I look at my calendar to see that I have five weeks of school left. Seriously? I see my class, staring back at me as if to say, “What now?”
So if you don’t know, these last weeks of school are “review” weeks. Translated, this could mean movie-watching-a-palooza. In the ten years I have taught, I have had little to no success in watching a movie in the classroom. I keep thinking, “I could do this at home, in my pink sweat pants.” The kids start talking, and soon-no one is watching the movie-except for the ONE kid sprawled out in front of the screen, annoyed with the rest of us.
So, like all other O.C. teachers, I ATTEMPT to plan things that will affect change in the lives of the students. Because, this is how all this teaching career stuff got started. But this year seems different. Did testing suck the life out of me? Do I still have a pulse? Did the Greg Mortenson news contribute to my creative flatline? Did I lose my powers like Samantha often did? WHAT IS HAPPENING?!
In our last planning period, we were discussing what academic activities we had planned for the end of the year. It was my turn. Oh, yah-that. Things are…forth coming. Forth coming-a polite phrase to say, “I got nothing, and don’t know when I will have something.” I mumbled about a time-machine project that I have been tossing around in my brain for years.

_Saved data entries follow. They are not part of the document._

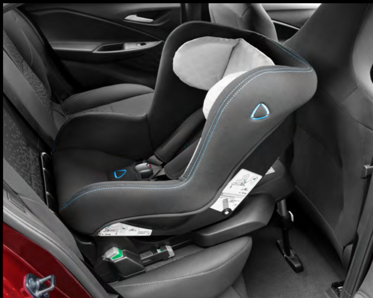
Base y silla para bebé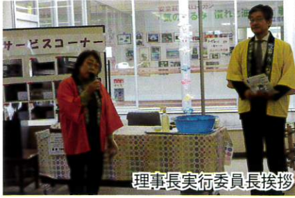
理事長実行委員長挨拶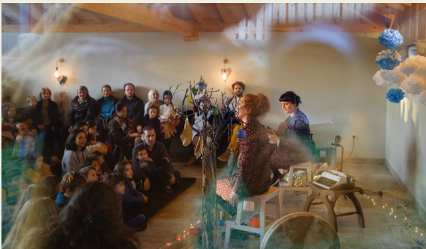
BIBLIOTECA MUNICIPAL MANUEL ALEGRE – ÁGUEDA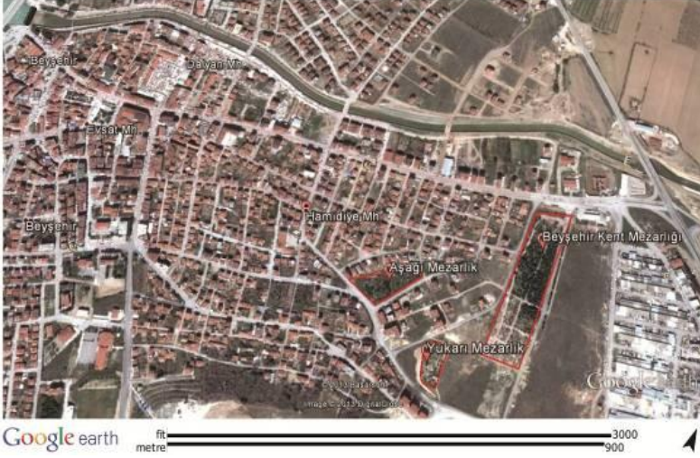
Harita 1: Beyshehir Hamidiye Mahallesi mezarlık alanlarının haritası (Google Earth'den).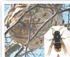
Frelon Asiatique et son nid perché dans les arbres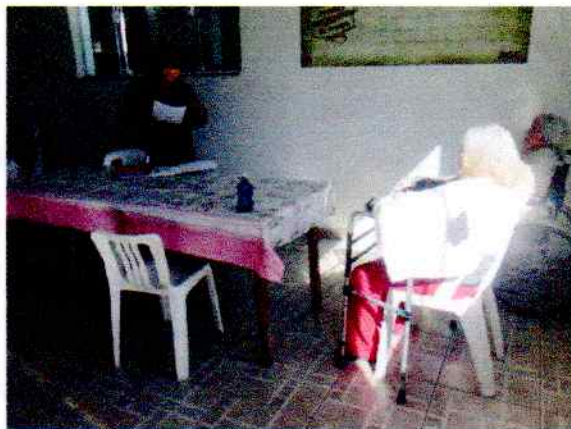
Reunião com idosos, realizada dia 16/06/2020.

Observações: utilize esse campo para informações que julgar necessário e não se encaixam nos itens anteriores.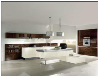
Plaqué lustre laqué (6080)

Pour les façades à bois plaqué, le décor du bois peut être décalé au sein de la façade du meuble. Des réclamations concernant un décalage dans le décor du bois et de la structure ne sont pas justifiées.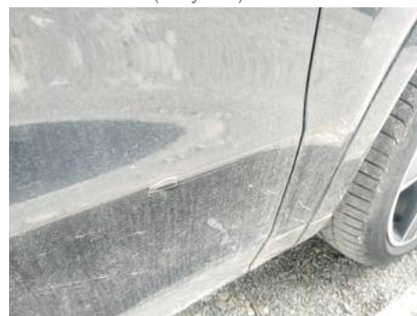
Porte avant droite (Rayure)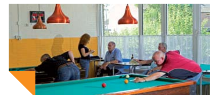
Buurthuis De Hoeve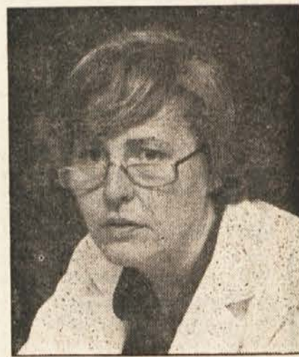
Državna sekretarka Johanna Dohnal (lova mesta žensk).

Morda pa je burka, ki jo igra Haider na koroškem političnem odru, v resnici le odskočna deska, da bi se pognal na dunajsko politično prizorišče?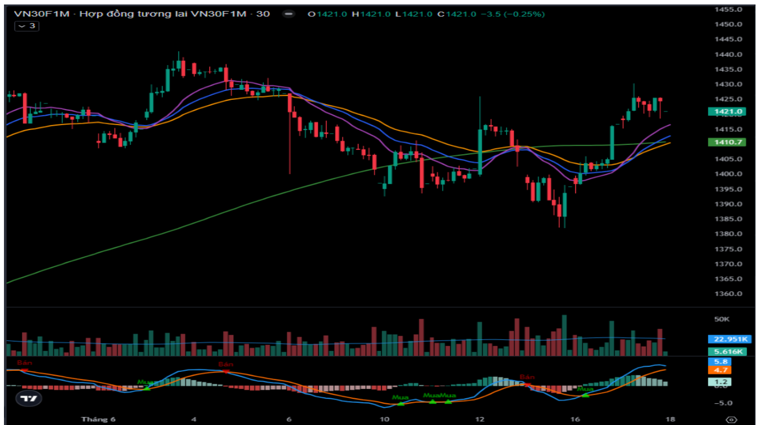
Hình 5- Chỉ số VN30F1M theo khung 30 phút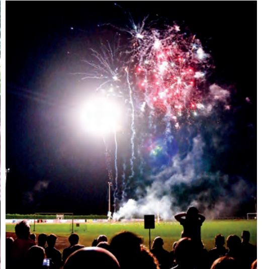
Repas, retraite aux flambeaux et feu d'artifice le 13 juillet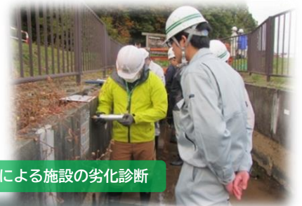
試験機材による施設の劣化診断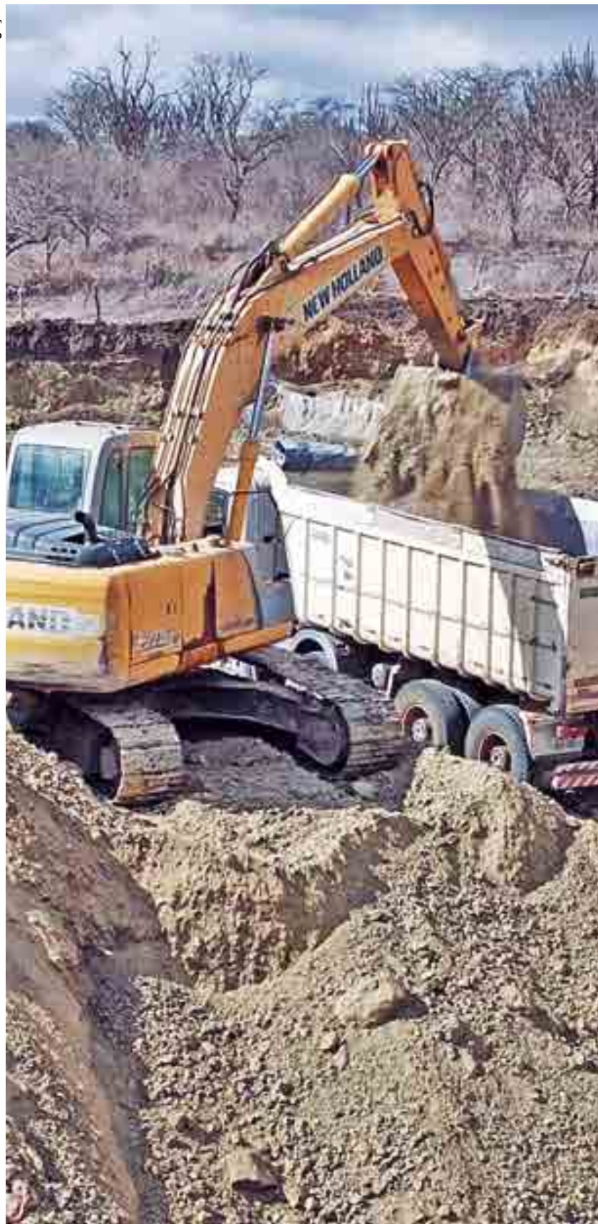
Estado é rico em minerais para construção civil, além de argila para cerâmica vermelha

Com foco na ampliação da atividade de exploração dos minérios na Paraíba, a cidade de Soledade lançou o projeto do Polo Industrial de Mineração. A iniciativa baseia-se nos resultados obtidos no setor durante o primeiro semestre deste ano, cujo faturamento no país cresceu 98%, passando de R$ 75,3 bilhões (registrados entre janeiro e junho de 2020) para R$ 149 bilhões, segundo o Instituto Brasileiro de Mineração (Ibram).

I think I want to do more than create an engaging project. I want to do something that is far-reaching-that has a global perspective. At the end of the curriculum, there has to be something more-Oz, Wonderland, Willy Wonka’s Chocolate Factory????? What can I do to make the kids continue to love school? Because, I’m beginning to believe that this is a critical time to sell them on the idea that learning is fun.
So, we are writing a play. Not world-changing, but not a coma-inducing activity either. As always, the imagination pouring from my class makes me want to keep going back to work.
We could have done a readers’ theater, or pull a play from somewhere But, we have been there and done that. It is tIme to spark those synapses a bit after hours of testing has dulled our senses. The end of the year also means that the phrase “simple activities” is not part of my end-of-the-year-engage-the-kids vernacular. I’m still working on the Global Project, because it needs to be done. Performing arts, global awareness, and small children…oh the possibilities.
I also know that the 5th grade field trip is looming. Just think, hundreds of 5th graders, in a narrow cave-a mile under the earth, followed by a river boat ride. This is what dreams are made of. You never know who has claustrophobia, until it is too late.
For the next five weeks, I will be embroiled in Odysseus’s and Robin Hood’s journey to Wonderland. Maybe, I’ll find my mojo somewhere between the tea party and the battle with the Cyclops.